The Mysterium would become the Traditionalists. They believe that magic is a byproduct of the human soul, that it has existed since ancient times and could be present in anyone, and that ancient magical traditions hold the key to understanding the way that magic works. They believe in spreading magical knowledge to all, to studying everything from kabbalah to shamanism to ecstatic ritual, and that the potential to Awaken lies in everyone. Conceptually, they're the most like the more spiritual parts of the oWoD Traditionalists - Dreamspeakers, Verbena, the Cult of Ecstacy, the Order of Hermes, and so on.

But just that little change would solve a lot of the problems with New Mage. It gives each group sort of a default enemy - the Atlanteans are opposed to the rebels that made Atlantis fall and their followers, the Exarchs are opposed to demons & monsters out of myth (picture a Greek hydra in the sewers of New York City), the Illuminati are opposed to people who would breach the Veil and will inevitably run into problems with the Vampires and others who want to rule the world, the Order of Reason would argue with more 'superstitious' friends and inevitably run into problems with Prometheans, Cryptids, and other beings that they want to dissect, and the Traditionalists will take issue with anyone bulldozing sacred burial grounds, with anybody who doesn't want magic to be free, and probably run into Changelings due to a mutual tie to human myths and legends.

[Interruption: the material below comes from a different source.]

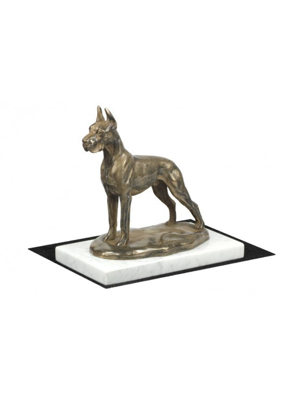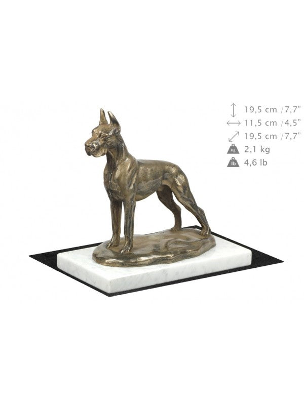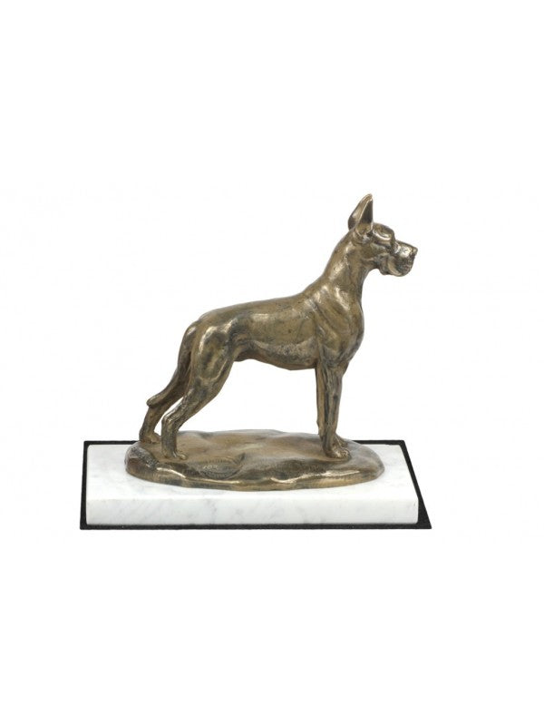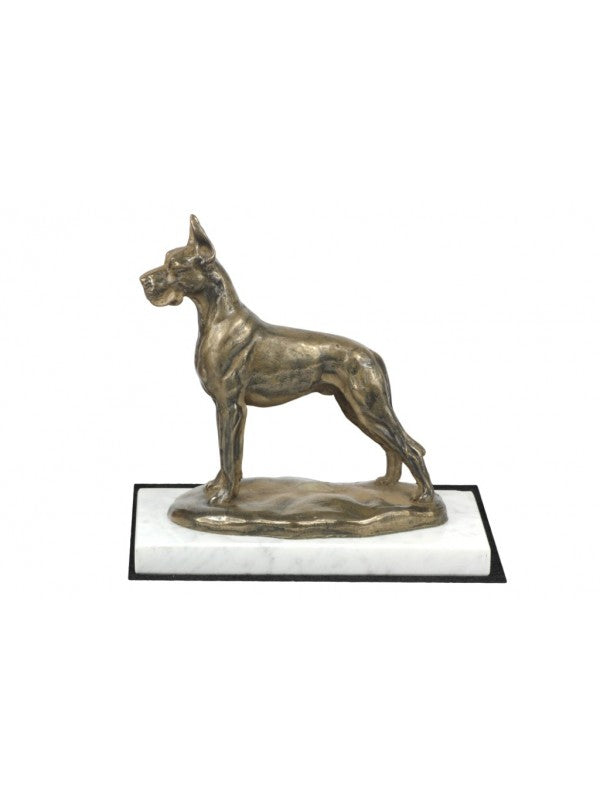 Handgjord Grand danois-statyetti kallstöpt brons med interiör i stark kvarts ståendes på vit marmor i begränsad upplaga.

I've been trying to 'fix' new mage for a while, so I'd be interested to hear if anybody else has had ideas along these lines or is interested in hearing more.
Sounds interesting overall, like some sort of blend between WoD and CoD mages. It reads as if you're trying to stay halfway between bringing back paradigms and not. Your short description of Covenants was good enough to immediately grab me with "this one is who I want to play", which the quick introduction to Awakening failed to do for me (right now, some of the things I hear about the Free Council sound cool, but somehow it didn't have the same effect on me back in the day with the quick introduction to Awakening factions).

The Technocracy's plan is self-defeating. You can't have mass Ascension without a Consensus that permits it. The sleepers will not achieve enlightenment unless they believe that they can. And the technocracy's plan is stripping away the belief in the concept of enlightenment.

Really, the Technocracy's actual plan is the same as Syndrome's from the Incredibles. When everyone is super, no one will be. That is to say, they're systematically codifying all of their tricks into the Consensus, thus bluring the line between Sphere magic and Linear magic. The ultimate end to their plan will be that a sleeper can do anything and everything that a mage can do. But it won't produce enlightenment or ascension. It'll just be a huge suite of lovely toys baked into the Consensus.
Reminds me of an old joke, originally told about the Commies:
"What are you doing?"
"A revolution!"
"And what are fighting for?"
"For a world where nobody is rich!"
"Weird, back when we had a revolution, we were fighting for a world where nobody is poor!"